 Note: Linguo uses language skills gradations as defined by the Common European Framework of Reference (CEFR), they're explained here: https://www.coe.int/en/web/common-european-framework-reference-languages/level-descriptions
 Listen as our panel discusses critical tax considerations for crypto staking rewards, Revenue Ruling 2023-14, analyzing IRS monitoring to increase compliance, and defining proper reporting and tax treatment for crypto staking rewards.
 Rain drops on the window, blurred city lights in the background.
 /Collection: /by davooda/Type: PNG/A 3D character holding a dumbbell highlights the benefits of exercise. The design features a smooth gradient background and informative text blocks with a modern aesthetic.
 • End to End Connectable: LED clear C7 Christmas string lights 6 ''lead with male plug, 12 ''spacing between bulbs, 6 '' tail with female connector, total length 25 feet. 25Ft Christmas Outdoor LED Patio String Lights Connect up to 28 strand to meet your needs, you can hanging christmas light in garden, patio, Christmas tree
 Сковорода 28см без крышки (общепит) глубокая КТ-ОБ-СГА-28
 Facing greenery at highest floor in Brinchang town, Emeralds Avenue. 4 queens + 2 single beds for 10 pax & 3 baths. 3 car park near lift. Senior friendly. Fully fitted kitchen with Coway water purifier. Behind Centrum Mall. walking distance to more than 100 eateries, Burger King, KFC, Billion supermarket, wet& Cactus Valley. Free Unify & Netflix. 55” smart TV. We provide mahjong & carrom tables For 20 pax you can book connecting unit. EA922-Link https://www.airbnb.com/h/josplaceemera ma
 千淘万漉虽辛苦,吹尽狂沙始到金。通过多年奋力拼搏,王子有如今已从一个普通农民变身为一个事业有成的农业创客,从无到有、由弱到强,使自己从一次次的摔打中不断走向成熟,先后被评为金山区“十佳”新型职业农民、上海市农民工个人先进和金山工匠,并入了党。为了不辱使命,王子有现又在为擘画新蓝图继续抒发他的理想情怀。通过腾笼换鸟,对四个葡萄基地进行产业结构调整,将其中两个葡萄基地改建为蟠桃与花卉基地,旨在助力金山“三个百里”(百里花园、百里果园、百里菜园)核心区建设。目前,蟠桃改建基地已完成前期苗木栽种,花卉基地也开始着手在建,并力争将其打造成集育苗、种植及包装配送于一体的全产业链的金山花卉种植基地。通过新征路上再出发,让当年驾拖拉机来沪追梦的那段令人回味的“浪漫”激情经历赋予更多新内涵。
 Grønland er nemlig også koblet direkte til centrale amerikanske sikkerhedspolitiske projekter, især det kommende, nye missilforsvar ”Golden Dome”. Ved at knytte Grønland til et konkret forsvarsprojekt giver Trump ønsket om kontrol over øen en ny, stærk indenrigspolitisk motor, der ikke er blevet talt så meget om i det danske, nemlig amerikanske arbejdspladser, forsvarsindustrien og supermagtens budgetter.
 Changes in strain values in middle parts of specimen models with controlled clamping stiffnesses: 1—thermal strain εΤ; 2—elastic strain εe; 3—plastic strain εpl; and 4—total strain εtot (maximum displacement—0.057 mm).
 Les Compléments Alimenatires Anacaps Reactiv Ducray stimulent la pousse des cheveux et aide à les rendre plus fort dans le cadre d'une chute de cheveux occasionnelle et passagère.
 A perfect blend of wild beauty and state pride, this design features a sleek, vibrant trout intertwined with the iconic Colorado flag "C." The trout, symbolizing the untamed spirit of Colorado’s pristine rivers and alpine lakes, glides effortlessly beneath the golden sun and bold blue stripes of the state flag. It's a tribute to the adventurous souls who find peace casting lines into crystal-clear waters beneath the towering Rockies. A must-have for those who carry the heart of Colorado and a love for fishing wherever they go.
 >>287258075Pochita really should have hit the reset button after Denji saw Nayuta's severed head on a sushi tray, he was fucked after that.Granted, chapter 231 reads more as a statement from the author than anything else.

——

YOUR INSTRUCTIONS: Out of the material above, output word for word the line with "Changes in strain", the line with "A perfect blend", and all lines between them, with nothing else.

EXERCISE RESULT:
 Changes in strain values in middle parts of specimen models with controlled clamping stiffnesses: 1—thermal strain εΤ; 2—elastic strain εe; 3—plastic strain εpl; and 4—total strain εtot (maximum displacement—0.057 mm).
 Les Compléments Alimenatires Anacaps Reactiv Ducray stimulent la pousse des cheveux et aide à les rendre plus fort dans le cadre d'une chute de cheveux occasionnelle et passagère.
 A perfect blend of wild beauty and state pride, this design features a sleek, vibrant trout intertwined with the iconic Colorado flag "C." The trout, symbolizing the untamed spirit of Colorado’s pristine rivers and alpine lakes, glides effortlessly beneath the golden sun and bold blue stripes of the state flag. It's a tribute to the adventurous souls who find peace casting lines into crystal-clear waters beneath the towering Rockies. A must-have for those who carry the heart of Colorado and a love for fishing wherever they go.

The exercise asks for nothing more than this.